Tanzania villages to offer insight, expertise in films reflecting their lives and livelihoods

Showing a film is usually a straightforward affair. But, in a series of screenings in different Tanzanian villages, the events are the opportunity to further develop the content, reflecting diverse input and creating a unique venue for participation and collaboration.

The films reflect ongoing Center for International Forestry Research (CIFOR) work on commodities, supply chains and sustainability. The screenings in Kilosa district with sugarcane smallholders, Mufindi and its tea block farms and Mberali with rice suppliers are placed as the sites have directly integrated smallholders – who are also the film’s subjects.

Exploring the daily life and perspectives of these outgrowers – who contract to companies but own their own farms – the participatory screenings are designed democratically to garner input and provide a forum to explore people’s experiences as farmers producing major commodities.

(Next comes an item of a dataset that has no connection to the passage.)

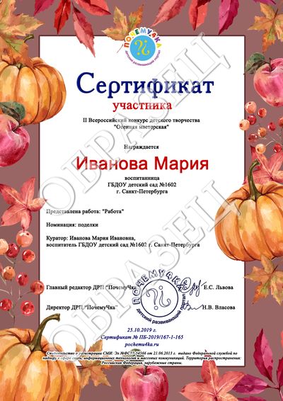 • Свидетельство о публикации материала - 80 рублей. Свидетельство выдается автору работы, т.е. если автор работы - ребенок, то документ будет выдан на имя ребенка, но имя куратора при этом тоже будет отражено в документе. Если автор работы - взрослый, документ оформляется на имя этого взрослого, куратор в данном случае не пишется.

CIFOR’s Emily Gallagher, who is spearheading this initiative, said, “Investments to directly integrate smallholders in value chains have been touted for being more inclusive than large-scale plantation investments, but our research has shown that inclusion and exclusion has been uneven.”

She added, “The shift from subsistence to cash-based production has altered relations and land-use dynamics, and different societal groups are experiencing these changes in different ways. In promoting more sustainable and inclusive investment landscapes, these variegated experiences need to be more effectively communicated, heard and considered.”

It is these experiences that are reflected in the films, with the first set of screenings in Kilombero on 12 September 2017. The work will culminate in a week-long exhibition from 22-28 November at the National Museum and House of Culture in Dar Es Salaam, Tanzania, where the final products will be shown alongside a photo exhibition and storymaps with tea, rice and sugarcane producers. The series will culminate in a day of dialogue on 29 November on smallholder inclusion across different landscapes.